● **TASK STATEMENT**: Repeat the stretch of entries below from the line with "欧棉绒面料复合奥利绒,比较厚" through the line with "alte Ansichtskarte, gelaufen". Include both ends and add nothing.

● **DATA EXTRACT**:
--- START ---

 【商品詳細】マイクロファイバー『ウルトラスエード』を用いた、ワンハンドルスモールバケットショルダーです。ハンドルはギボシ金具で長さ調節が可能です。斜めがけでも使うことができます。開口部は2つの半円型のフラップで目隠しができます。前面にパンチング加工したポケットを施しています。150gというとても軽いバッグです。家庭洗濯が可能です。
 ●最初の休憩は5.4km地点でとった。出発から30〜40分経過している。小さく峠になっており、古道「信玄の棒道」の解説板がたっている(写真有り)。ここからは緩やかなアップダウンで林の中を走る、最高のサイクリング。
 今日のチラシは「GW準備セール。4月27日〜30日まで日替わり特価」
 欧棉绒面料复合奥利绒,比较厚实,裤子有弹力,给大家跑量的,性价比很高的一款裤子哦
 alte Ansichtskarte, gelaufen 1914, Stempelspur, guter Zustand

--- END ---
--- START ---

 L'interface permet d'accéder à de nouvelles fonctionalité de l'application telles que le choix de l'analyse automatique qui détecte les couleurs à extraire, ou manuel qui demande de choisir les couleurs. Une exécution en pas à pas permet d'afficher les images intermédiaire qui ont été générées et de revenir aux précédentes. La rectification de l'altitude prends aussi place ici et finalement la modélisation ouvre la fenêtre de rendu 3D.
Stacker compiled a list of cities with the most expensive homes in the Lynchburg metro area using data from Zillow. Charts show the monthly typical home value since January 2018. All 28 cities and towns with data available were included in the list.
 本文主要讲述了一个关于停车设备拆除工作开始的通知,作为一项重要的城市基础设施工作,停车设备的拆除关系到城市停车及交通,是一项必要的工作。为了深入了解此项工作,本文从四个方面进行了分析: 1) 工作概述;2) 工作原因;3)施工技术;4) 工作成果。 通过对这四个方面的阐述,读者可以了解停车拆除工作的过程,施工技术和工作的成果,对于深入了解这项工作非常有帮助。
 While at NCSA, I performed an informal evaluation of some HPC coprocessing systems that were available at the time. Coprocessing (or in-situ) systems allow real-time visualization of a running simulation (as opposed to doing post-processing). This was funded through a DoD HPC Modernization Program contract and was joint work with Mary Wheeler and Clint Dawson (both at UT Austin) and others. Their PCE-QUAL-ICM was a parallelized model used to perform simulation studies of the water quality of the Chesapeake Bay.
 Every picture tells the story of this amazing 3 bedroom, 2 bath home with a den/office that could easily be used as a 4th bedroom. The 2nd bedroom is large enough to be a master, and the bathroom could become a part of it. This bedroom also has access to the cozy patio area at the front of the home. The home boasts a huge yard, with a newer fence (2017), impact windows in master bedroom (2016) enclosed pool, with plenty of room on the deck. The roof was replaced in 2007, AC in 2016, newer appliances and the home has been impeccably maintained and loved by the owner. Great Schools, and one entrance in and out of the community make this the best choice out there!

--- END ---

● **RESPONSE AREA**:
 欧棉绒面料复合奥利绒,比较厚实,裤子有弹力,给大家跑量的,性价比很高的一款裤子哦
 alte Ansichtskarte, gelaufen 1914, Stempelspur, guter Zustand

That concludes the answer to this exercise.